Морозов помешивал чай с лимоном и принуждал себя сохранять серьёзное выражение на лице. Немалого труда ему стоило сдерживать улыбку, но знал: улыбнётся — всё пропало. Хозяйка помрачнеет, и он потеряет последнюю возможность помогать другу.

— Я тоже много слышал о них... этих самых... экстрасенсах. Одному по настоянию министерства создали условия, проверили его метод.

— Что за метод?

— Какой-то особый ритм дыхания — частых и неглубоких вдохов-выдохов.

— Знаю такого, слышала. Он нашему певцу-премьеру сеансы давал. Представьте: у того силы прибавилось. Если раньше партию Гремина, например, едва доканчивал, весь потом обливался, то потом, применив метод дробного дыхания... Ну, да ладно! И что же?.. Что показала проверка?..

Стараясь потрафить Елене Евстигнеевне, заговорил мягко, доброжелательно:

— Есть такие болезни легких, где мелкий учащенный ритм помогает; будто бы врачи стали рекомендовать его, но взять на веру безоговорочно, рекомендовать всем...

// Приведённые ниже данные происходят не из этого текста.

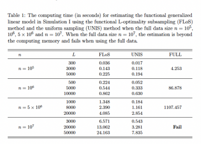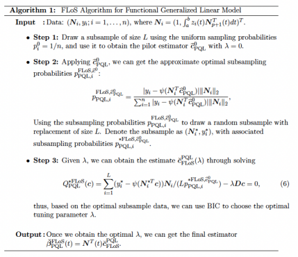 青年教师刘华博士、上海财经大学统计与管理学院教授尤进红博士和加拿大西蒙弗雷泽大学(Simon Fraser University)教授Jiguo Cao博士进行了深入的研究。他们首次把子抽样思想应用到函数型数据分析,开发出适应于函数型广义回归模型的最优抽样方法Functional L-Optimality Subsampling(FLoS),以此来实现减少计算时间、克服内存不足等问题的目标。除此之外,作者还通过理论和一系列的数值模拟来说明了该抽样方法的准确性和有效性。

— Вот-вот,— оговорки, сомнения... И мудрено от учёных ожидать иного! Согласиться с каким-то самоучкой... Как можно?.. Не смейте колебать авторитеты!.. Здесь лежит пункт наших раздоров с муженьком. Однако, слава Богу, он хоть теперь перестал бросаться словами «шарлатан», «проходимец». Когда его донимали камни в печени, я пригласила экстрасенса и тот сделал ему глубокий всепроникающий массаж — он почувствовал облегчение; другой экстрасенс предложил пить настой от молодых берёзовых листьев — болезнь и вовсе отступила. Мы собирались делать операцию на желчном пузыре — удалять его, теперь, слава Богу, обошлось. Вот вам, Володенька, экстрасенсы.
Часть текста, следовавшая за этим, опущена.